Marketing Strategy vs Tactics: Your Guide

Marketing strategy vs marketing tactics – what’s the difference? It’s a question plenty of people have once they start delving a little deeper into marketing.

The answer is fairly straightforward. Strategy and tactics interlink but they’re not the same thing. Both are instrumental aspects of successful marketing.

So what part do they play in helping to advance your firm’s marketing and get you closer to your goals?

Difference between strategy and tactics

Your strategy will lay out your overarching plan to achieve your marketing goals. Your tactics are the specific actions you’ll take to move your firm closer to that goal. Strategy looks at the long term, while your tactics will be used in the short term.

Consider it this way: strategy is the why and tactics are the what.

Comprehensive strategies set out the milestones you want your firm to achieve and the tactics that will be employed to do so.

Strategic thinking

When planning your strategy, think holistically. You’ll want to consider all elements of your marketing, whether it’s on or offline. Your tactics will work together to support your strategy.

Your marketing strategy will include a focus on your goals, who you’re targeting, the tools and tactics you’ll use, the budget you’ll allocate and the kinds of campaigns you’ll focus on. It will set out how you plan to get where you’re going, but it won’t go into the specific detail that your tactical plans will.

As an example, your strategy could be to increase the PI leads you get into your firm by 25% through organic digital channels in order to boost revenue and grow the business. That sets out your goal, as well as the path that you’re going to take to get there.

It helps you plan your budgets as you set out where resources will be allocated. You’ll identify the most important activities, which will assist you when planning your team’s workload.

Clarity is vital to a successful strategy. This Harvard Business Review paper explains: “One major reason for the lack of action is that ‘new strategies’ are often not strategies at all.
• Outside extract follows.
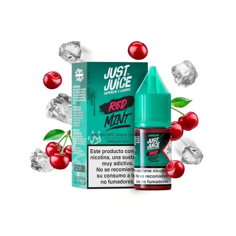 Red Mint de Just Juice te permiten experimentar una frescura en su máxima potencia gracias a una increíble mezcla de hielo, mentol y cereza. Cada inhalación proporciona una explosión de frescura que revitalizará tus sentidos, ofreciendo una experiencia de vapeo refrescante e inolvidable

A real strategy involves a clear set of choices that define what the firm is going to do and what it’s not going to do.”

Tactical planning

The tactics you plan should be carefully considered. In the above example of boosting PI leads, your tactics could include focusing more time on keyword research to target the most appropriate keywords for your firm in order to increase online visibility.

These are the steps that will be taken along the path to reach your goal. With each tactic, you’ll have to break your actions down further. This could include focusing on keyword research to improve organic visibility or building up your site’s backlinks to increase its credibility in search engine algorithms.

You’ll be able to continually monitor and measure the success of your tactics. If something is not paying off like you thought it would, you can change course and try something new. Your strategy won’t restrict experimentation or attempts at correcting efforts that aren’t working. The tactics offer you the opportunity to report on your strategy’s successes and failures in real time.

But be careful not to work on tactics without implementing an encompassing strategy. Strategy and tactics will both help you get where you need to be. One simply won’t work as effectively without the other.

Marketing may not be war, but don’t forget what Sun Tzu said: “Strategy without tactics is the slowest route to victory. Tactics without strategy is the noise before defeat.”